Here's the uncomfortable truth about most AI-powered apps: when you type "find my dad's insurance policy," your dad's name, his policy number, and the fact that he has insurance all get sent to a server farm in Virginia. The AI company pinky-promises not to train on it. Maybe they even mean it. But the data still left your country, still hit their servers, and still exists in their logs.
We decided that wasn't good enough for family documents.
Most AI document tools work like this: you upload a file, their system extracts the text, sends it to OpenAI or Google, and returns a summary. Your data makes a round trip through US infrastructure. The privacy policy says they won't misuse it. That's the entire security model -- a legal document.
For a recipe app, fine. For a vault that holds your family's tax returns, medical records, wills, and insurance policies? That's a different conversation.
We wanted to build an AI assistant that could actually search and answer questions about your family's documents -- without ever exposing the real content to cloud AI services. Not through legal promises. Through architecture.
Let's say you type: "What did Margaret say about the house insurance renewal?"
Here's what happens behind the scenes, broken into layers:
Your query hits our hard redaction check first. If you accidentally paste a SIN, credit card number, or bank account number into the chat, we block it before it goes anywhere. Not anonymized -- blocked. Those categories of data never leave the server, period. Next, our privacy engine (built on Microsoft's Presidio) scans your query for personal information. It finds "Margaret" and flags it as a person's name with 92% confidence. The system generates a surrogate -- a fake but realistic replacement. "Margaret" becomes "Sarah Chen." This mapping gets stored in a per-conversation vault that only your session can access. The anonymized query -- "What did Sarah Chen say about the house insurance renewal?" -- gets sent to the cloud LLM (Groq running Llama 3.3). The AI has never heard of Margaret. It only knows Sarah Chen. The AI decides it needs to search your documents. It calls our search tool with "Sarah Chen house insurance." Before executing the search, we reverse the surrogate: "Sarah Chen" becomes "Margaret" again. The search runs against your real documents on our Canadian server. Search results come back with real names and real content. Before sending them back to the cloud AI, we re-anonymize everything. "Margaret" becomes "Sarah Chen" again in the results. The AI reads the anonymized results and writes a response using "Sarah Chen." We intercept the response, swap "Sarah Chen" back to "Margaret," and show you the answer with the correct names.
The cloud AI processed your question, searched your documents, and wrote a helpful response -- without ever seeing a single real name.
The name-swapping isn't random. Each conversation gets its own vault -- a database table that maps real values to surrogates. If Margaret comes up five times in a conversation, she's "Sarah Chen" every time. If you mention her email address, it gets its own consistent surrogate too.
Surrogates are conversation-scoped. When you delete a chat thread, the entire vault is cascade-deleted. There's no persistent record mapping your family members to fake names across sessions.
The vault handles five entity types with surrogates: names, email addresses, phone numbers, IP addresses, and URLs. These get realistic replacements generated by the Faker library -- believable enough that the AI treats them as real context.

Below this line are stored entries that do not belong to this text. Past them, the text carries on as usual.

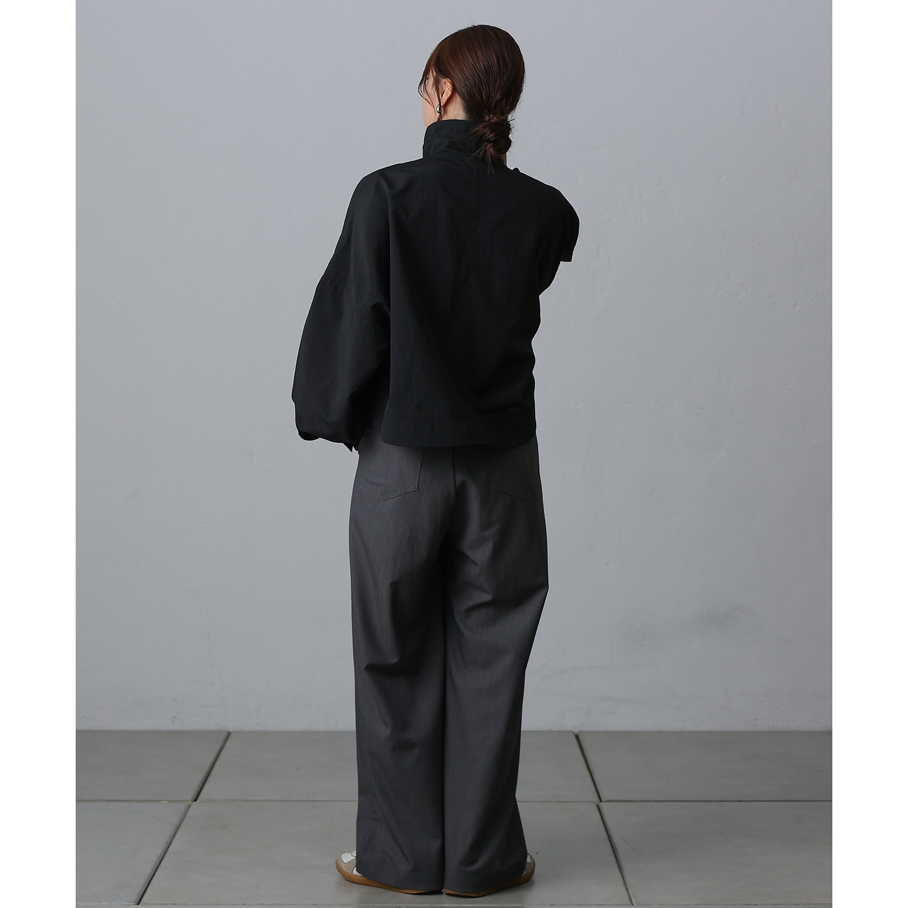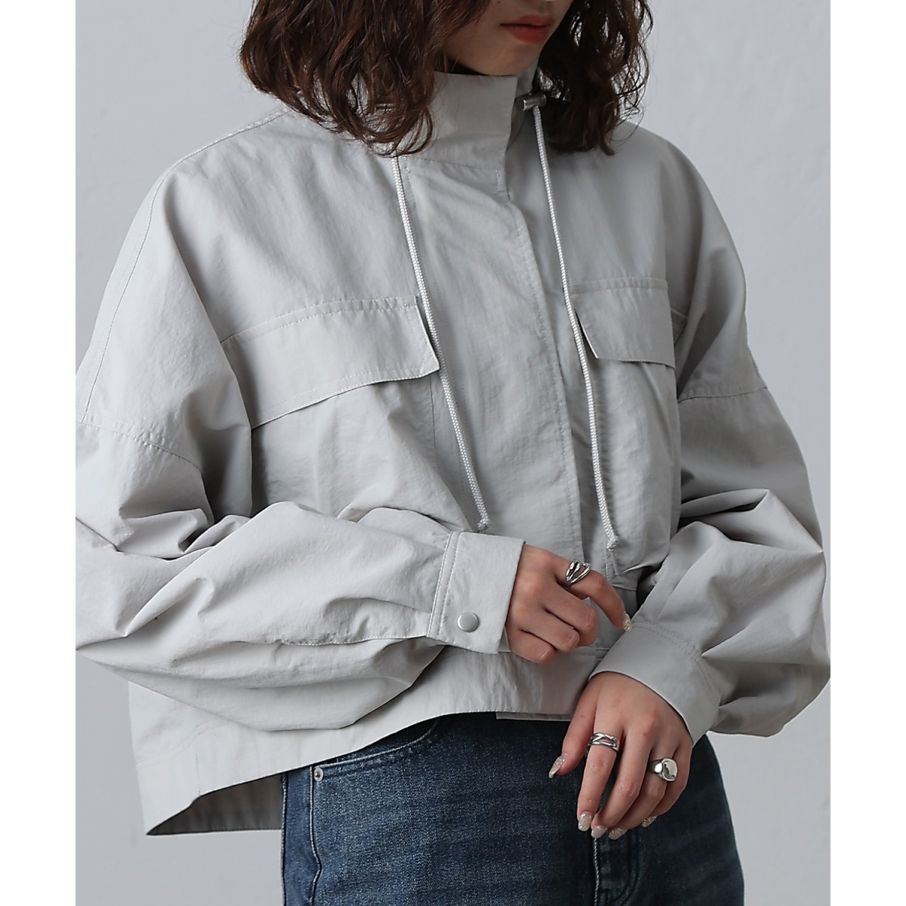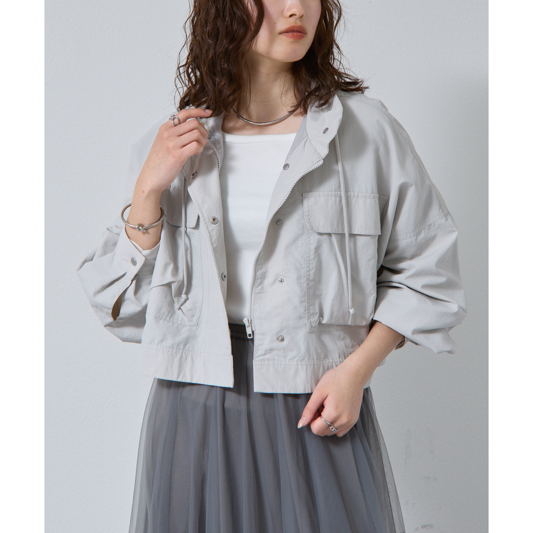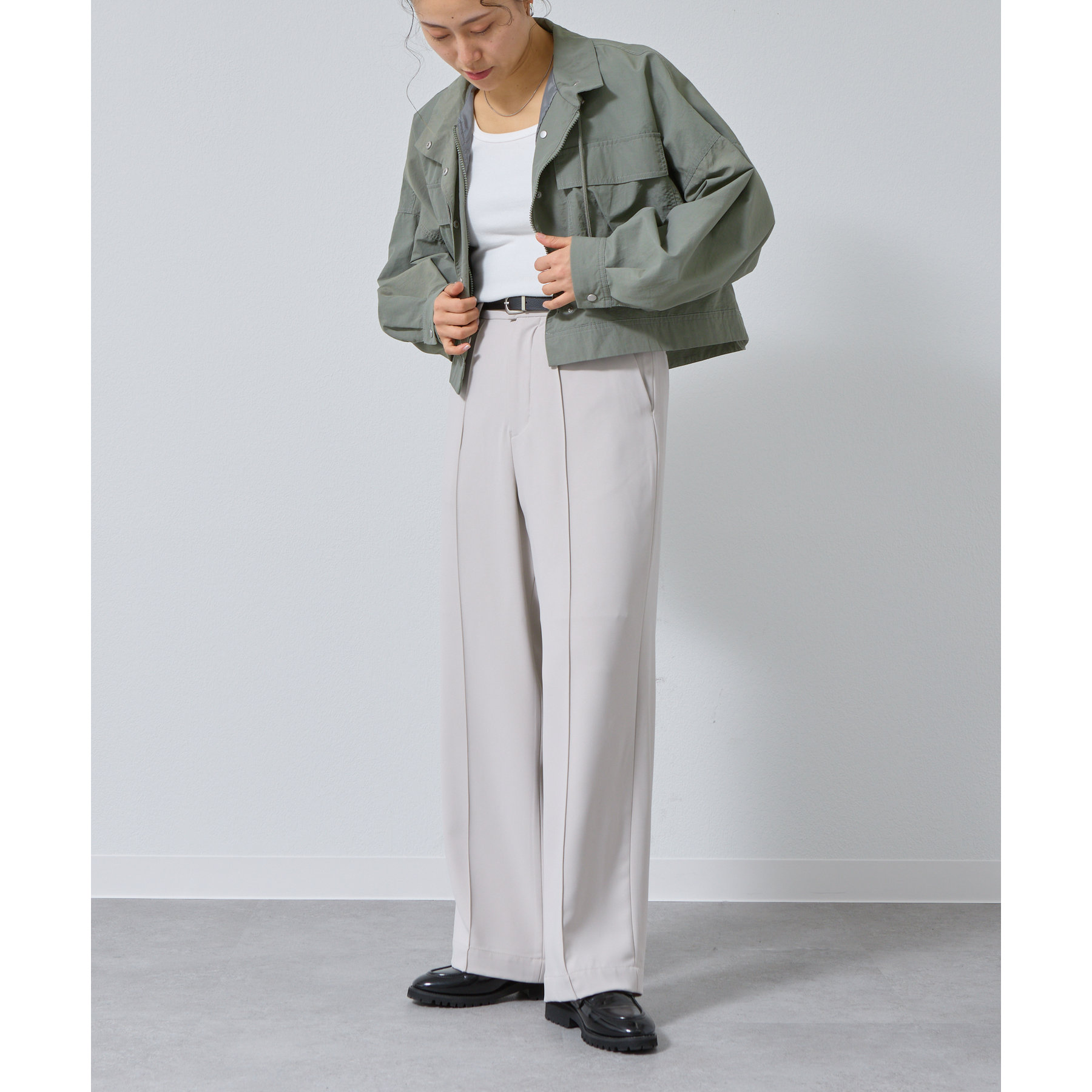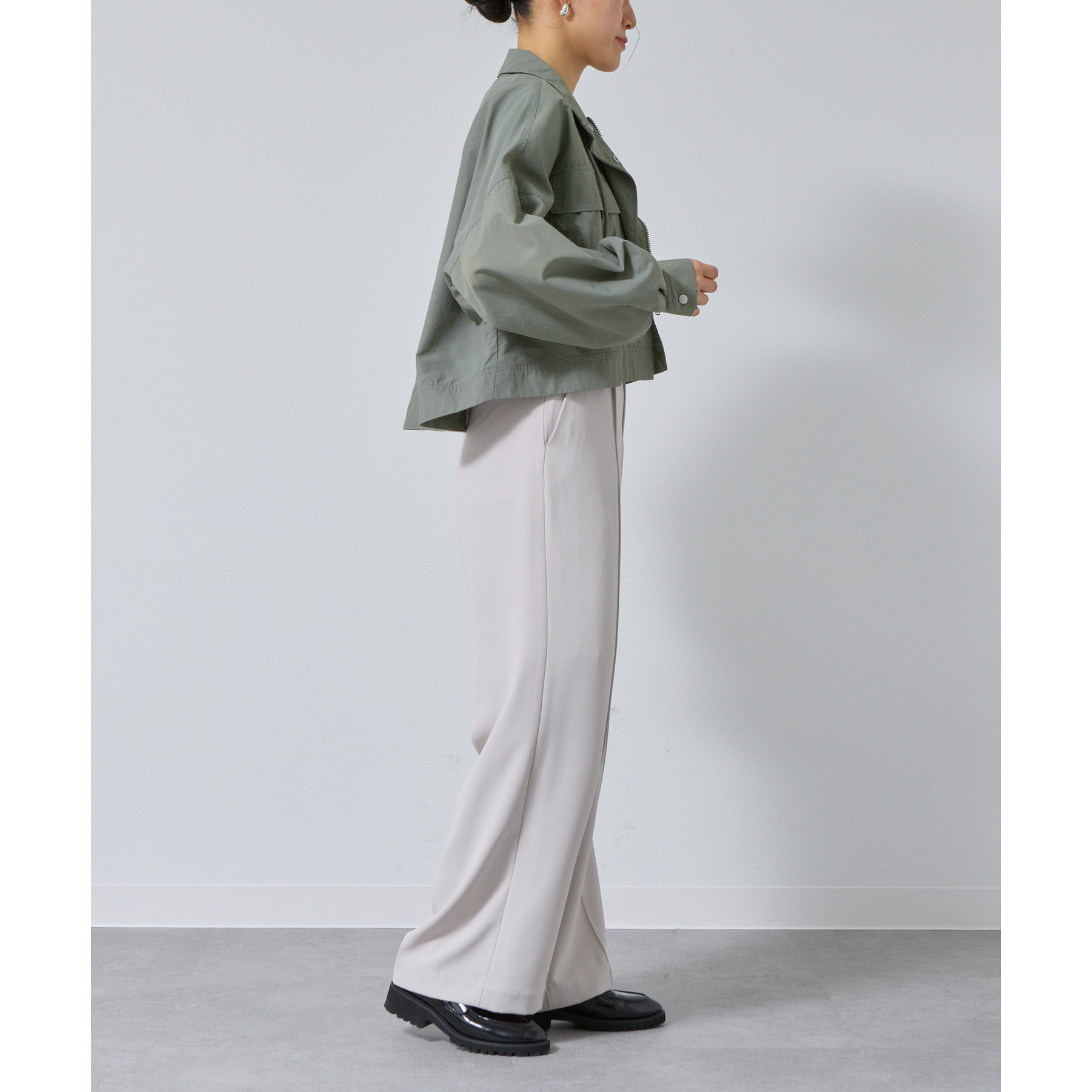 着丈が短くすっきりとした印象で、パンツでもスカートでも合わせやすいデザイン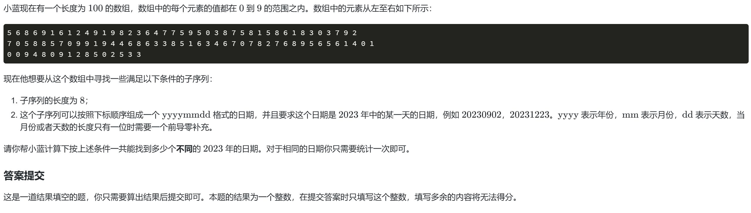 while d1 <= d2: date = d1.strftime("%Y%m%d") num = 0 for i in range(len(str1)): if num == 8: cnt+=1 break if str1[i] == int(date[num]): num+=1 print(num) d1 += timedelta(days=1) print(cnt)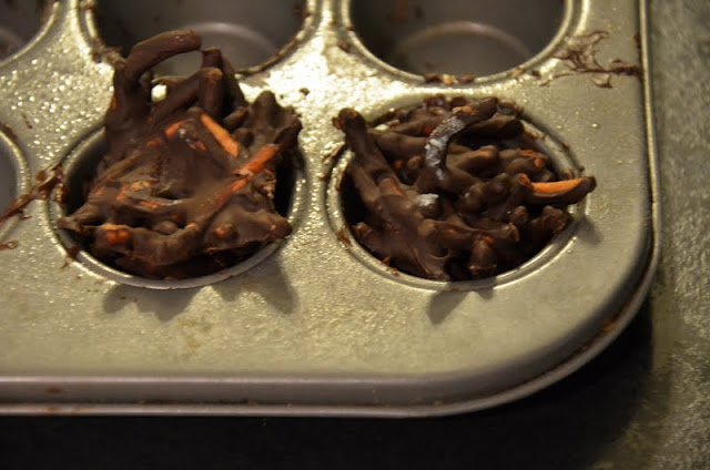 Now it’s time for the nests… Melt chocolate in the microwave in 30 second intervals until just melted. Mix the chow mein into the chocolate and fill up a mini muffin pan with the mixture.
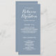 Lindos Programas de Casamento de Tipografia que você pode personalizar. Fundo azul empoeirado com texto branco. Design por Elke Clarke © Disponível em www.zazzle.com/monogramgallery. Adicione todas as suas informações pessoais para criar um programa simples, mas sofisticado, que os seus contínuos podem distribuir à medida que os seus convidados entram na igreja ou estão sentados onde a cerimônia vai ter lugar. Ajuda as pessoas a seguirem-se durante a cerimônia, mas também atua como guardiã dos seus hóspedes. Você pode usar os campos modelo para preencher as informações sugeridas sobre a festa de casamento e a ordem do serviço e o obrigado que você envia ou selecionar "personalizar" e usar o menu editar para alterar o espaçamento de texto, as fontes, as cores conforme desejar criar seus próprios programas de casamento.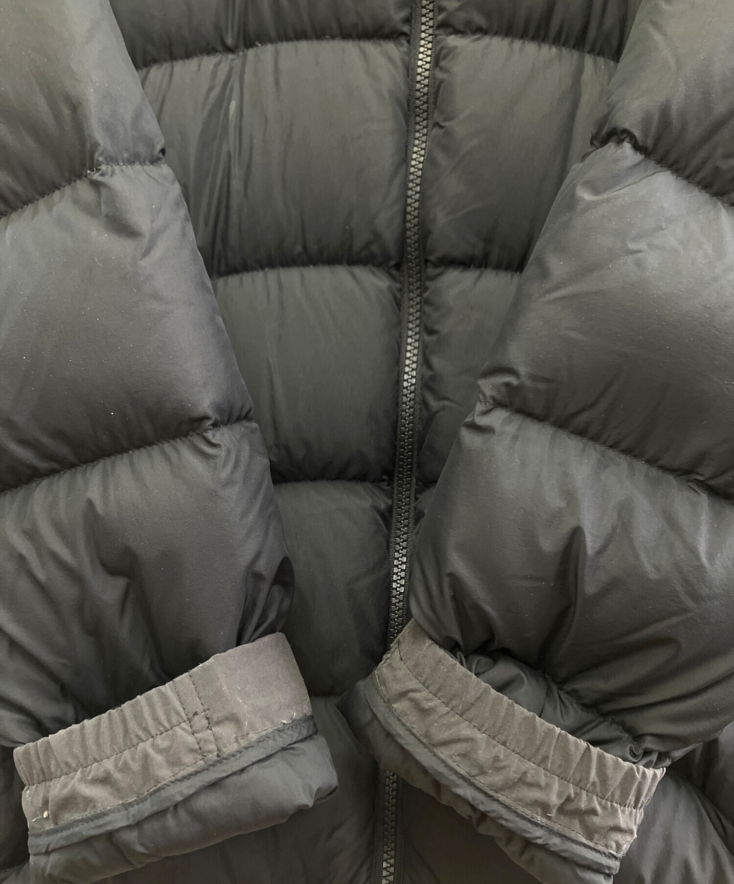 • THE NORTH FACE(ザ ノース フェイス)THE NORTH FACE (ザ ノース フェイス) ダウンジャケット ブラック サイズ:Lの古着・服飾アイテム 左腕ダウン漏れ有

Some data is too sensitive for surrogates. We don't anonymize your SIN -- we refuse to process it at all.
Eight categories of data are hard-blocked before reaching any cloud service: Social Insurance Numbers, credit card numbers, bank account numbers, driver's licence numbers, passport numbers, medical licence numbers, cryptocurrency wallet addresses, and international bank account numbers (IBAN). If detected in your query, you'll see an error message explaining why -- and the query never leaves Canada.
The detection uses pattern-matching (regex), not AI inference. A 9-digit number matching the SIN format gets caught in about 5 milliseconds. We don't need a language model to spot 4532-XXXX-XXXX-XXXX as a credit card.
We should be upfront about what this costs:
Latency. The full anonymization pipeline adds 1-2 seconds to every query. Scanning for entities, looking up the vault, replacing text, then reversing everything on the way back -- it's real work. Most users don't notice because the AI response itself takes 3-5 seconds, but it's there.
False positives. Presidio sometimes flags words that aren't actually personal information. "Victoria" might be a person's name or a city. We tune confidence thresholds per entity type and filter obvious false positives (document headers like "Name:" and short abbreviations), but it's not perfect.
US cloud services. Our LLM providers -- Groq and Cohere -- run US infrastructure. We chose them for speed and cost, not geography. The anonymization layer exists precisely because we couldn't find a Canadian LLM provider that met our performance requirements. We're honest about this: the AI is American, but it only ever sees Canadian-generated surrogates, never your real data.
Your documents, embeddings, and vector indexes all stay on our Canadian server in Toronto. Only the anonymized query text crosses the border -- and even that contains zero real personal information.
We actually do run the search and embedding models locally. Document chunking, vector indexing, and semantic search all happen on our Canadian server using open-source models. No cloud round-trip for any of that.
But for the conversational AI -- the part that understands your question and writes a natural-language answer -- local models aren't there yet. A local 8B parameter model can embed text, but it can't reliably interpret a question like "what was the deductible on the policy Margaret mentioned last Tuesday?" and decide which tool to call. The cloud models (70B+) can.
So we split it: local for storage and search, cloud for reasoning -- with a privacy wall between them.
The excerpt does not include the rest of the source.